Segment Open

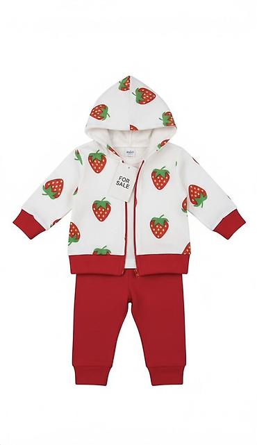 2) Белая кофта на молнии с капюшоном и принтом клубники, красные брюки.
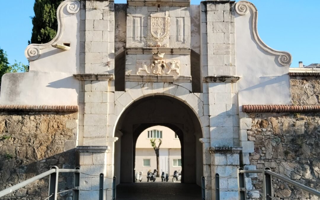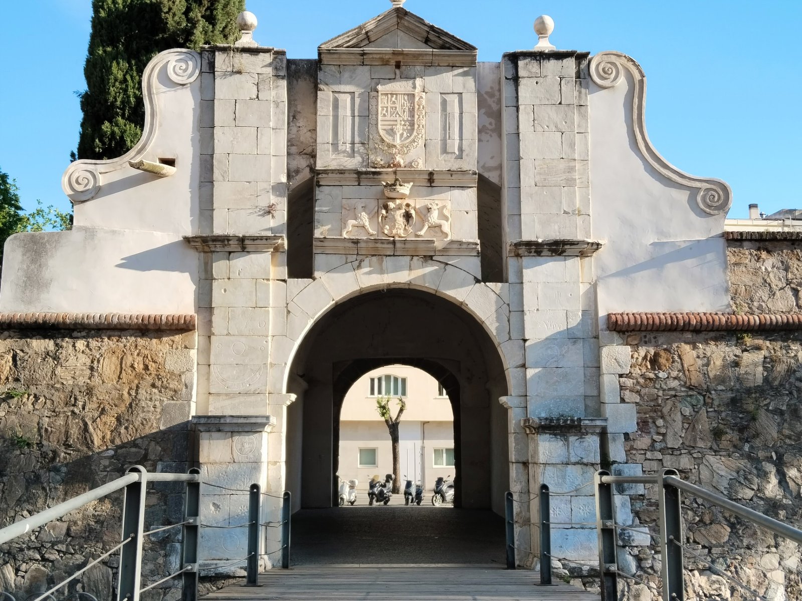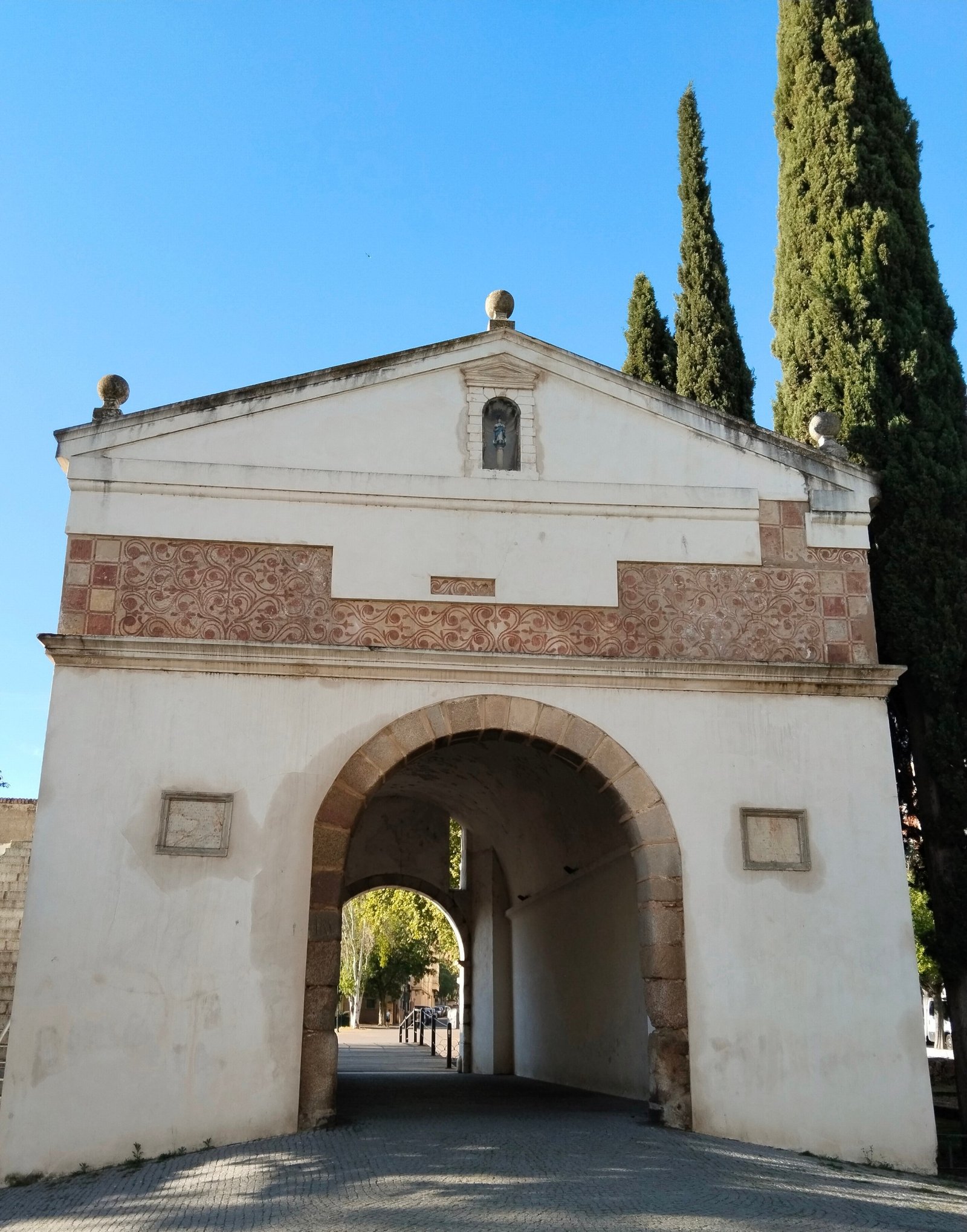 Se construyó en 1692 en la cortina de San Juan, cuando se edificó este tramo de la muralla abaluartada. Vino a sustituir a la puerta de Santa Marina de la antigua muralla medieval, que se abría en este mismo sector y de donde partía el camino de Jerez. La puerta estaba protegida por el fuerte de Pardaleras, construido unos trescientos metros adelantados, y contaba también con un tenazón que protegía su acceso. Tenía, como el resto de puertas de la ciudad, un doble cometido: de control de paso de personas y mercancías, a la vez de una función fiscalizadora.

Segment Closed
Segment Open

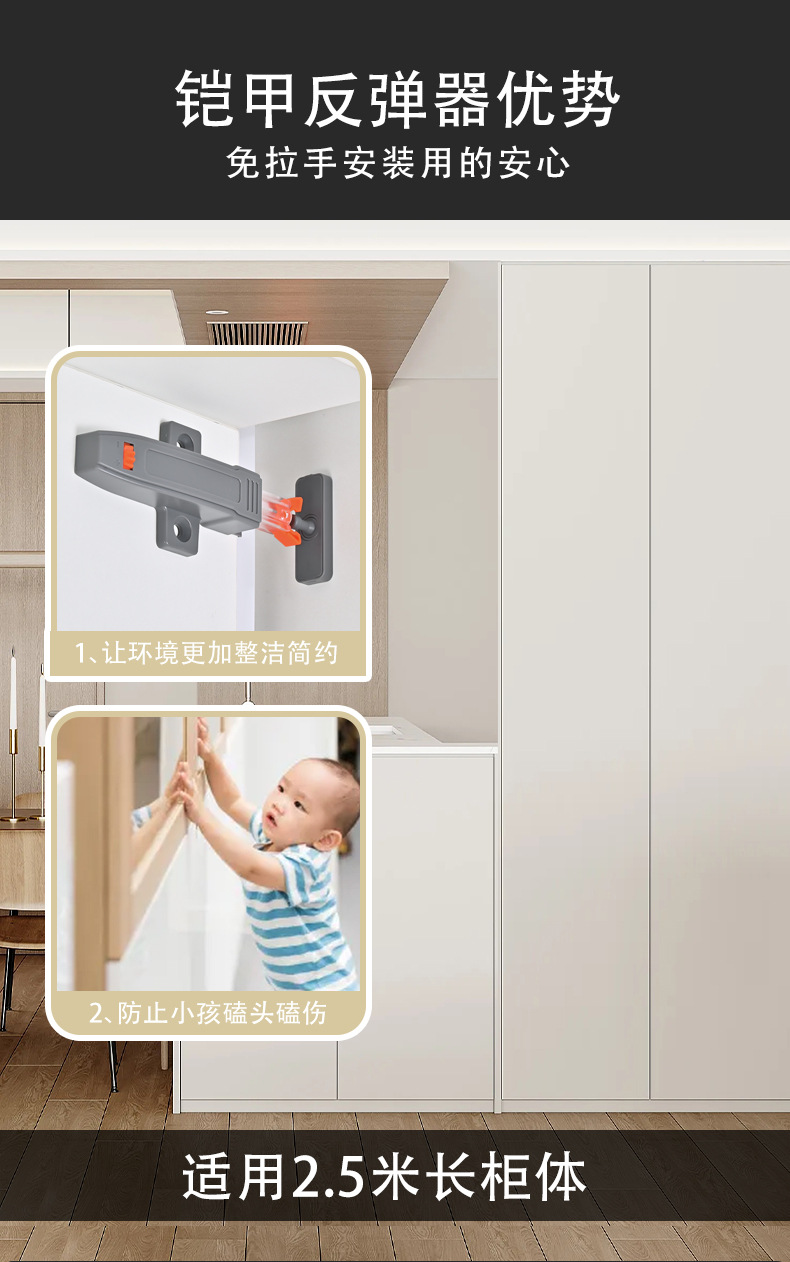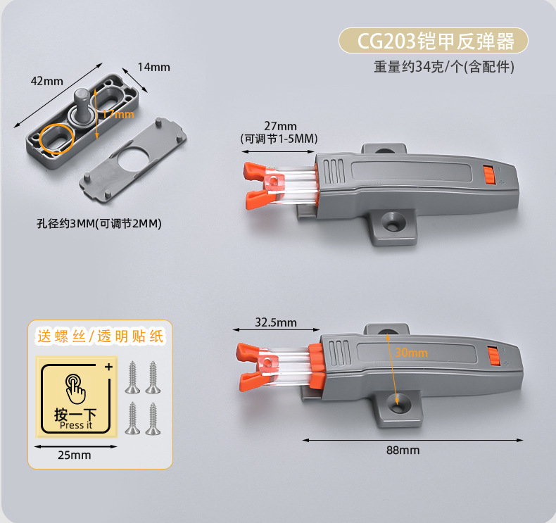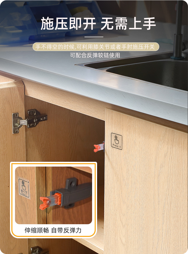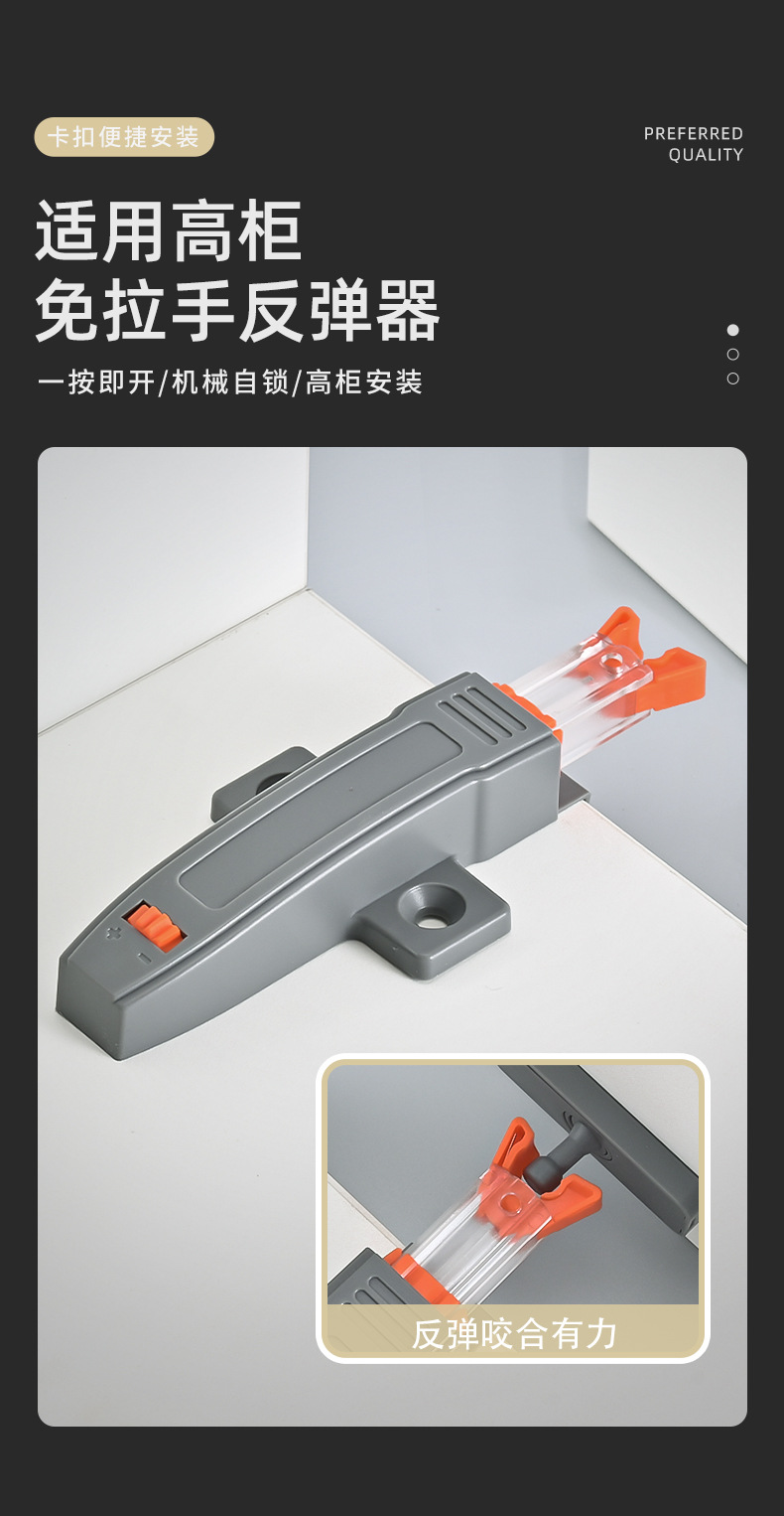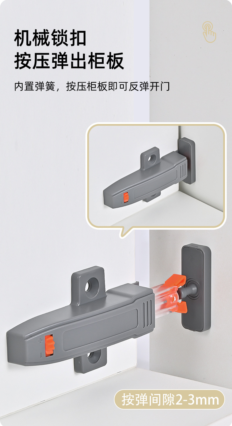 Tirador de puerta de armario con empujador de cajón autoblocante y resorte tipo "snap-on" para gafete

Segment Closed

# Assignment:
Output only the lines above from the line that holds "2) Белая кофта" through the line that holds "Se construyó en", both ends included, and exclude pictures.

# Answer section:
 2) Белая кофта на молнии с капюшоном и принтом клубники, красные брюки.
 Se construyó en 1692 en la cortina de San Juan, cuando se edificó este tramo de la muralla abaluartada. Vino a sustituir a la puerta de Santa Marina de la antigua muralla medieval, que se abría en este mismo sector y de donde partía el camino de Jerez. La puerta estaba protegida por el fuerte de Pardaleras, construido unos trescientos metros adelantados, y contaba también con un tenazón que protegía su acceso. Tenía, como el resto de puertas de la ciudad, un doble cometido: de control de paso de personas y mercancías, a la vez de una función fiscalizadora.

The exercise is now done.